The Taliban claimed responsibility for the attack, but officials immediately cast doubt that they were involved. If they were, it could undercut the president's own effort to talk peace with insurgents as foreign forces begin their exit.

The gunman's motive was unclear. He was identified as Sardar Mohammad, who had provided security for Wali Karzai and members of his family. Tooryalai Wesa, the provincial governor of Kandahar, described Mohammad as a close, "trustworthy" person who had gone to Wali Karzai's house purportedly to get him to sign some papers.

The two men met alone in a room. As Wali Karzai was signing the papers, the assassin "took out a pistol and shot him with two bullets — one in the forehead and one in the chest," Wesa said. Another official, however, said the wounds were to Wali Karzai's head, hand and leg.

Wali Karzai's bodyguards then rushed into the room and gunned down Mohammad.

The assassination took place less than two hours before the president held an outdoor news conference with French President Nicolas Sarkozy in Kabul. Before it started, tears welled up in the eyes of Karzai associates. When Karzai arrived, he spoke in a somber voice.

"This morning my younger brother Ahmed Wali Karzai was murdered in his home," the president said. "Such is the life of Afghanistan's people. In the houses of the people of Afghanistan, each of us is suffering and our hope is, God willing, to remove this suffering from the people of Afghanistan and implement peace and stability."

Later that evening, the president flew south to Kandahar to be with his slain brother and relatives. A funeral was scheduled for Thursday, and Wali Karzai was to be buried in Karz, the Karzai family village in Kandahar province — the spiritual birthplace of the Taliban movement and the site of recent coalition military offensives.

Wali Karzai, who was in his 50s, was for years a lightning rod for criticism of corruption in the government.

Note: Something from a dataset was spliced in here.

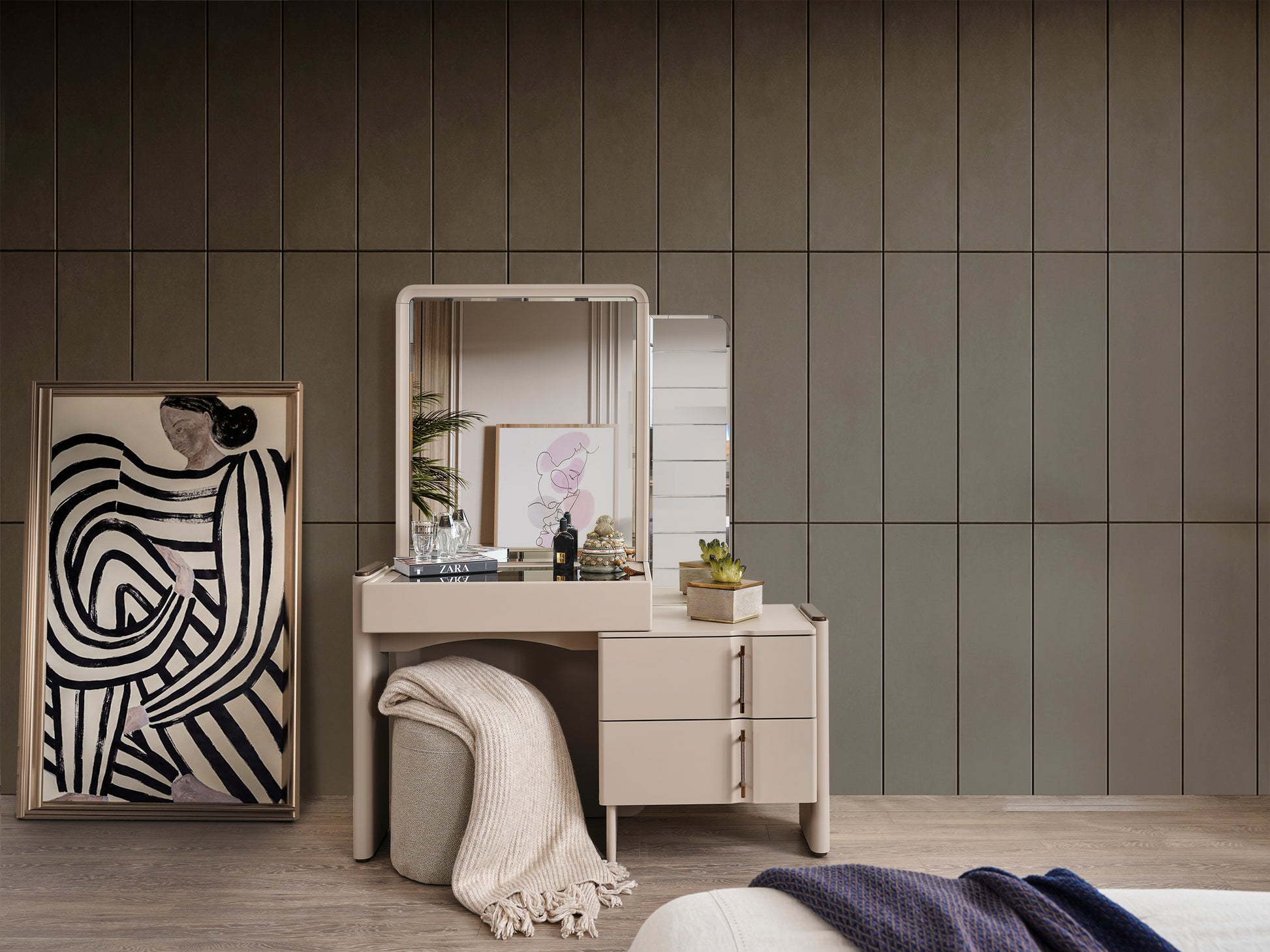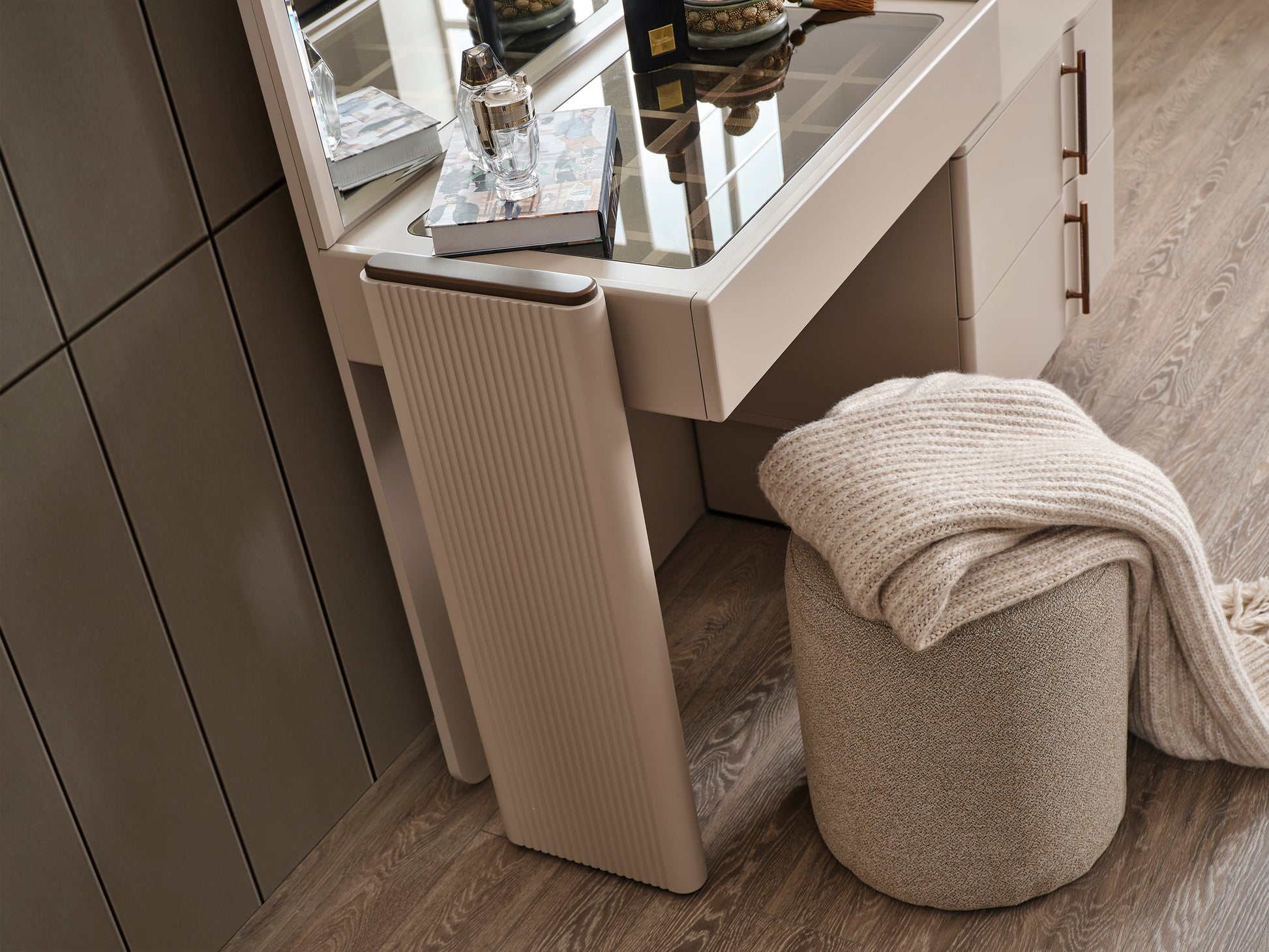 Dank der cleveren Schubladenaufteilung und der großzügigen Spiegelfläche ist sie ideal zum Schminken und Stylen geeignet. Die feinen Linien, der strukturierte Seitenteil und die hochwertigen Metallgriffe sorgen für einen luxuriösen Look.

He was seen by many as a political liability for Karzai after a series of allegations including that he was involved in drug trafficking. He denied the charges. The president repeatedly challenged his accusers to show him evidence of his sibling's wrongdoing, but said nobody ever could.

With no concrete evidence to force his ouster, U.S. officials worked to persuade Wali Karzai to align his activities with coalition goals, or at least not impede them.

"Mr. Karzai has been the target of endless accusations about being a drug dealer and many other things," said Bruce Riedel, an ex-CIA officer and former adviser to the White House on Afghan policy. "As far as I know, talking to people in the U.S. government, these are accusations backed up by very little evidence."

The death of Wali Karzai, who helped shore up his family's interests in the Taliban's southern heartland, leaves a void, he said.

"Like him or hate him, he was a key political player in Kandahar and it will be hard to find someone to fill his role," said Riedel, now a senior fellow focusing on counterterrorism for the Brookings Institution in Washington.

Wali Karzai was a controversial figure within the U.S. government. There were allegations that he was on the CIA payroll for years, partly for helping recruit a paramilitary force to rein in the Taliban.

Rustam Shah, former Pakistan ambassador to Afghanistan, said Wali Karzai's tribal maneuverings in Kandahar laid the foundation for the president's strength in the south — and created powerful enemies for his brother as well.

"He had created influential rivals and enemies who were sitting on the wrong side of the tribal lines when he was alive but now may come into prominence in the tribal infrastructure of Kandahar," Shah said. "The president will have to be very careful to move quickly to consolidate and maintain his power structure in Kandahar."

Wali Karzai had been the target of multiple assassination attempts, including ones in 2008 and 2009.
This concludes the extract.